Brief >> From the listing below, restate word for word the lines from the line containing "Комплект бездротової сигналізації" down through the line containing "駐車場の改修工事に伴うご案内 下記の日程で駐車場一部の改修工事を行います。 <期間>". Exclude pictures.

Supplied material >>
_____
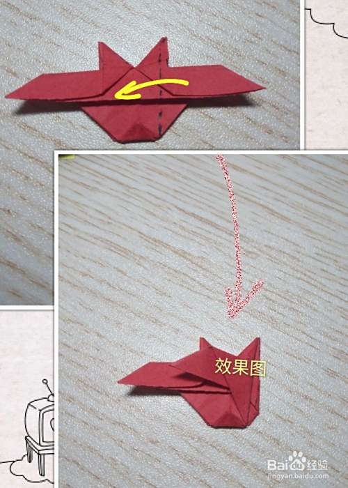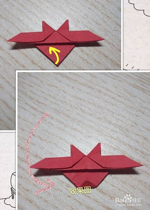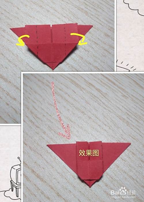 将中间部分第一层的左右两边分别沿所画虚线向后翻折!效果如下!
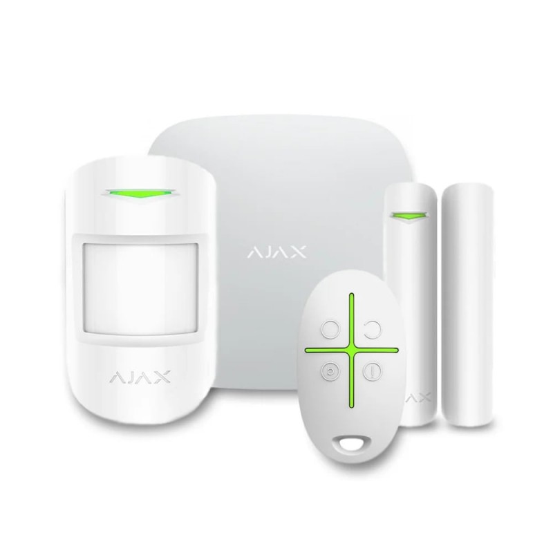 Комплект бездротової сигналізації з 4 пристроїв: розумна централь Ajax Hub біла, бездротовий датчик відчинення дверей/вікон Ajax DoorProtect білий, бездротовий датчик руху Ajax MotionProtect білий, брелок для керування охоронною системою Ajax SpaceControl білий; канали зв'язку GSM (2G), Ethernet; протокол Jeweller; підключення до 100 пристроїв, до 10 камер/відеореєстраторів, 50 користувачів.
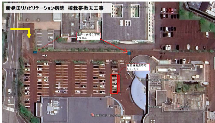 駐車場の改修工事に伴うご案内 下記の日程で駐車場一部の改修工事を行います。 <期間> 令和8年1月6日(火)~1月9日(金) 工事期間中、車椅子専用駐車場スペース含む一部駐車場が使用できない状態となります。 来院される皆様にはご不便ご迷惑をおかけいたしますが、何卒ご理解ご協力を受け賜わりますようお願い申し上げます。
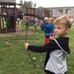 Dzieci z grupy Motylki biorą udział w Ogólnopolskim Projekcie Edukacyjnym „Z darami natury świat nie jest ponury”. Głównym celem projektu jest kształtowanie postaw ekologicznych, pobudzenie kreatywności dzieci i nauczycieli oraz rozbudzenie wrażliwości na piękno przyrody. Przedszkolaki wykonały pierwsze zadanie: „Łuki i strzały”.
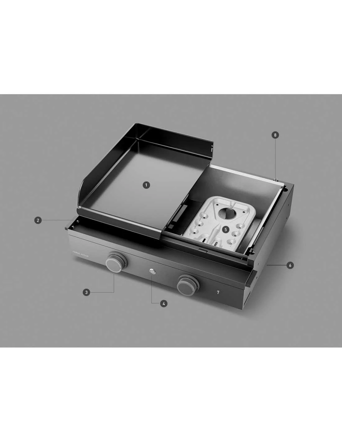 Le modĂšle ORIGIN G 60 A est pourvu d’un chĂąssis en acier peint noir mat avec revĂȘtement 3 couches, d’un bac Ă graisse intĂ©grĂ© de 1 L, de 2 manettes de rĂ©glage ainsi que de pieds stabilisateurs.Â
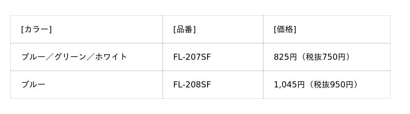 サイズはレギュラー幅とワイド幅の2タイプ。カラーはレギュラーがブルー、グリーン、ホワイトの3色、ワイドがブルーの1色。メーカー希望小売価格(税込)は、レギュラーが825円、ワイドが1,045円です。
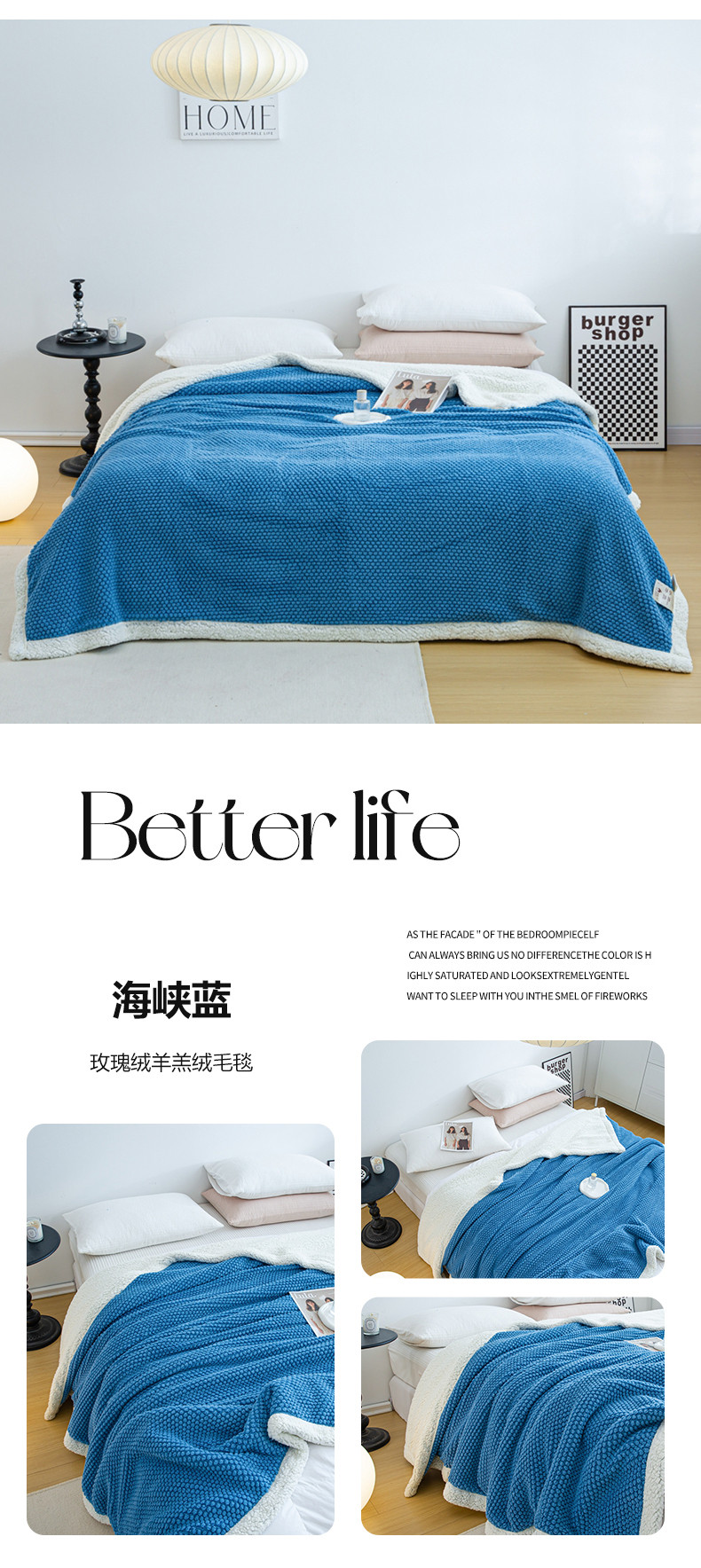商品名称:羋多2023年新款AB版提花塔芙绒羊羔绒毯子舒棉绒毛毯 玫瑰绒-海峡蓝
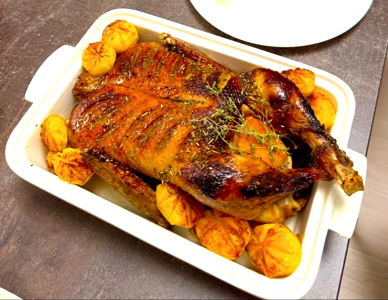 Готовую утку достаньте из духовки и полейте сверху приготовленной горячей смесью. Готово!
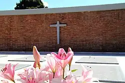 Eine Treppe führt zum höher gelegenen Kameradengrab in einem vorgelegenen Hof. In der Mitte befindet sich eine Gedenktafel mit den Namen von 28 bekannten und drei unbekannten Soldaten, die hier begraben sind. Auf weiteren acht Steinplatten sind die Namen von 128 deutschen Soldaten geschrieben, die während ihres Einsatzes auf Sizilien in den Jahren 1941 bis 1943 gefallen sind. Im Zentrum dieses Hofes liegt auf einem Sockel eine Statue in Bronze, die einen sterbenden Jüngling darstellt.[6]
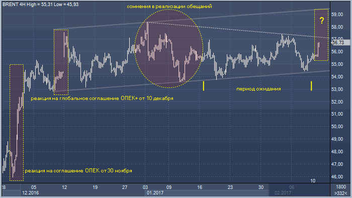 На представленном ниже 4-часовом графике отображен период динамики цен на нефть сорта Brent с момент подписания 30 ноября внутреннего соглашения ОПЕК об ограничении объемов производства и по настоящий момент.
_____
Result of the task >>
 Комплект бездротової сигналізації з 4 пристроїв: розумна централь Ajax Hub біла, бездротовий датчик відчинення дверей/вікон Ajax DoorProtect білий, бездротовий датчик руху Ajax MotionProtect білий, брелок для керування охоронною системою Ajax SpaceControl білий; канали зв'язку GSM (2G), Ethernet; протокол Jeweller; підключення до 100 пристроїв, до 10 камер/відеореєстраторів, 50 користувачів.
 駐車場の改修工事に伴うご案内 下記の日程で駐車場一部の改修工事を行います。 <期間> 令和8年1月6日(火)~1月9日(金) 工事期間中、車椅子専用駐車場スペース含む一部駐車場が使用できない状態となります。 来院される皆様にはご不便ご迷惑をおかけいたしますが、何卒ご理解ご協力を受け賜わりますようお願い申し上げます。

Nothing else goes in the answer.